20 JANUARY 2001, Page 35

Wounded at Wembley

D. J. Taylor

HALF IN LOVE by Justin Cartwright Sceptre, £14.99, pp. 309 Justin Cartwright specialises in what might be called cross-cultural connections. Look At It This Way (1990), his scorching anatomy of late-period Thatcherism (and several other things besides) featured a sub-Bryson American journalist fixated on the cockney survivor of a decades-old lion attack. The Booker-shortlisted In Evety Face I Meet (1995) starred a fortysomething financial consultant obsessed with Nelson Mandela. Abstruse and fanciful at first, these contrasts were given substance by sheer pressure of events. Hemmed in by a nervy and minutely described present — no one outdoes this author's accounts of the horrors of modern London — nearly all of Cartwright's characters end up taking solace from a rudimentary but immensely enticing past.

In Half in Love the fissure between these real and imagined lives is more jagged than ever. Richard McAllister, Cartwright's `young' (41) ministerial hero is recuperating in South Africa having been stabbed in the neck during England's Euro 2000 match against France. The attack, carried out by an ear-ringed racist named Carl Panky, was apparently `random', the result of Panky deciding that Richard is a 'posh cunt'. Obscurely, McAllister — an archetypally decent man whose good nature shines off the page like lamplight — blames himself for this encounter.

Mafeking, where he amuses himself by exploring his great-uncle's involvement in the Boer war (Major Dick's equine interests supply the customary past/present fix) turns out to be a flimsy refuge. Back home his affair with Joanna Jermyn, newly famous after her starring role in the film of the title, is about to hit the tabloids. Whisked back to England by prime ministerial fiat, he finds an apple cart of personal problems waiting to be upset. His dandyish and insolvent father dies of a stroke. His Wembley assailant looks as if he may have been taking revenge on behalf of a cousin whom Richard helped send to jail. Meanwhile there are distressing rumours from across the pond about Joanna's liaison with a hunk of co-starring transatlantic beefcake called Case Stipe. The prime minister's regard, endlessly conveyed by his weaselly minion, fades away to the point where, Richard having failed to testify against Panky in court, it disappears altogether.

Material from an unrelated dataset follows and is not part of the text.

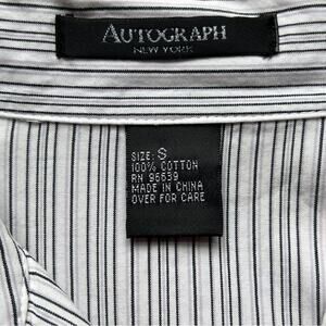 Autograph White with Black and Lavender Stripes Button Down V-Neck Blouse Size S

It would be surprising if a novel about the distance between real and imagined lives didn't have some kind of political subtext. Although on one level what follows is simply a love story about two people prevented from coming together by force of circumstance, on another it is the drollest Blairite satire. Never mind Talfryn Williams, the weaselly minion, never mind the PM himself — Blair to the life — Half in Love simply pullulates with wounding little glances at the New Labour project, as well as a riot of personal appearances ('Joshua'. the BBC's legal correspondent, a horsey literary agent who introduces himself as 'Michael Sessions'). Realistically framed while in London, the picture only loses its verisimilitude when dragged Stateside. Though vastly amused by Joanna's meathead co-star (he eventually pulls out and the film collapses) I didn't believe in him for a moment, and the scenes in which she sleeps with him apparently out of politeness and then agonises over Richard's likely reaction are perhaps the weakest in the book.

According to the blurb this is a novel about 'contemporary politics, the power of film, the nature of history and above all about two people caught hopelessly in love'. This is true, of course, but rather like saying that Bleak House is 'about' the English legal system. In fact at the heart of Half in Love lies a lament about, or perhaps merely an acknowledgment of, the loss of religious sensibility. Several of its closing scenes bring Richard together with his friend Igor, a state-of-the-art psychological healer, whose magpie spiritual expropriations offer one kind of balm. Another scene finds Richard, now out of his government job, back on safari in South Africa. Here he starts to wake up at night and stare reflectively at the sky. Where his great-uncle 'had seen God in these extravagant thoughts'. Richard notes merely that there is 'pleasure to be taken in the inscrutability of it all'. A bit later he realises that we are all blundering about in the dark . . . consoling ourself with lies and myths'. It is the nature of human enterprise, Richard concludes, for everyone to live as if none of this was obvious — the prime minister especially.

For all these moments of reflection, this is a more direct, less meditative excursion than some of its predecessors. Like them it is awash with neatly drawn minor characters — McAllister senior, Joanna's dreary left-wing playwright husband — and knocks most contemporary fiction into a cocked hat. No one, by the way, should be fooled by the happy ending.